Friday, June 10, 2011

Lime Cucumber Wraps

Ah... the days of summer begin!  I like to eat light "clean" food in the summer.  One of my favorites are cucumbers!  For this particular recipe I used a English (or hothouse) cucumber because of its length and of course they were on sale last week.  Generally, English cucumbers are more on the expensive side and are sold in a shrink-wrap.  Cucumbers are "in season" from May through August so I was having fun coming up with some recipes this week using them.  I'm sure there will be more to follow!
Ingredients:


1  English (Hothouse) Cucumber, sliced thin lengthwise
1 small jicama, sliced 1/4 inch matchbox slices
1 tablespoon cilantro, diced
1/2 teaspoon freshly ground salt
1/4 teaspoon freshly ground pepper
2 tablespoons sesame oil
1/2 fresh lime juice
4 slices deli, Dilusso Cracked pepper turkey (Optional, I put this in for the boys)
Extra lime wedges to serve
Extra salt and pepper to serve as well


Method:


1) Slice the English cucumber lengthwise in thin strips that are bendable (*Note: you will need a sharp knife for this).


2) In a bowl lightly toss the sliced jicama, cilantro, salt, pepper, sesame oil, and juice from 1/2 of a lime.


3) Layer cucumber slice, deli turkey (if using), then pile in a little of the jicama mixture.  Roll-up tightly and secure with a toothpick.  (I secured a slice of lime on top with the toothpick that was exposed).  
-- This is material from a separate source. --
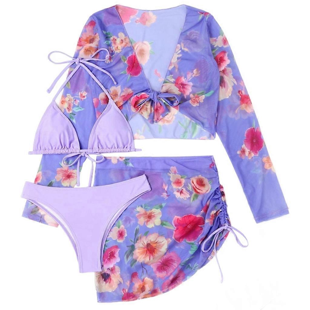 Features: brand new and high quality Womens halter bikinis set is-made of high-quality 82% polyester-fiber (-polyester) & -12%-spandex materials, breathable and comfortable to wear. 4 piece swimsuits, adjustable halter bikinis bra and briefs, long sleeves crop top and beach-skirt. Floral printed swimsuits are suitable for tropical vacations, swimming pool, beach-party, swimming pool, hawaii and-honeymoon. Fashion and sexy bathing suits, wearing a-mysterious figure, bathing suit is-very eye-catching. Best holiday gifts for mom, wife, girlfriend or women you-love. Specifications: Material: 82% Polyester-Fiber (-polyester) & -12%-Spandex Color: Rose Red/Orange/Black-/Purple Size: for-S/for-M/for-L/XL(Chinese size ,follow the size chart to select please) Size:S Bust:72-80cm(28.35-31.50inch) Waist:60-66cm(23.62-25.98inch) Hips:78-85cm(30.71-33.46inch) Size:M Bust:80-83cm(31.50-32.68inch) Waist:64-70cm(25.20-27.56inch) Hips:85-91cm(33.46-35.83inch) Size:L Bust:88-95cm(34.65-37.40inch) Waist:68-74cm(26.77-29.13inch) Hips:91-97cm(35.83-38.19inch) Size:XL Bust:95-103cm(37.40-40.55inch) Waist:72-78cm(28.35-30.71inch) Hips:97-105cm(38.19-41.34inch) Note: Please allow 1-2cm errors due to manual measurement. Due to the-difference betweeen different monitors,the pic-may not reflect the actual color of the item. Package includes: 4 Pieces/Set Women Swimsuits

4) Drizzle any remaining juice left over from the Jicama mixture on top of the completed Cucumber Wraps and lightly salt and pepper to taste.  Enjoy!










Wednesday, June 8, 2011

Yum-O Gazpacho

  I adore cold soups in the summer!  A satisfying, healthy combination of fresh flavors on a hot day...What could be better?  Gazpacho can come in numerous textures and not all use just raw ingredients. In my combination, I combine pureed raw vegetables along with diced vegetables, to get the perfect match of flavors!  I beg anyone to beat this combo!  Hope you can enjoy this one soon!
Ingredients:


1 pint baby sweet tomatoes
1 container baby sweet bell peppers (2 red, 4 yellow, 4 orange...what I used)
1 large cucumber
2 cloves garlic, peeled
3 green onions, white parts only
2 tablespoons fresh cilantro, chopped
3-4 tablespoons olive oil
2 teaspoons sherry vinegar
1 teaspoon fresh lemon juice
1 teaspoon salt, more for serving
1/2 teaspoon pepper, more for serving


These are the ingredients I feel make an amazing Gazpacho!


Method:


1) Blend half the tomatoes, half the peppers, half of the cucumber, 2 green onions, 1 tablespoon cilantro, and both cloves of garlic in food processor along with 2 tablespoons olive oil, sherry vinegar and lemon juice. (I used my small Cuisinart and did batches).
2) Dice the remaining tomatoes, peppers, cucumber, cilantro and mix into the above mixture along with the remaining tablespoon of olive oil. Top with the sliced green onion and extra springs of cilantro (if you have them)!
3) Adjust salt and pepper to taste and serve.  This tastes wonderful the next day, so make extras for the week!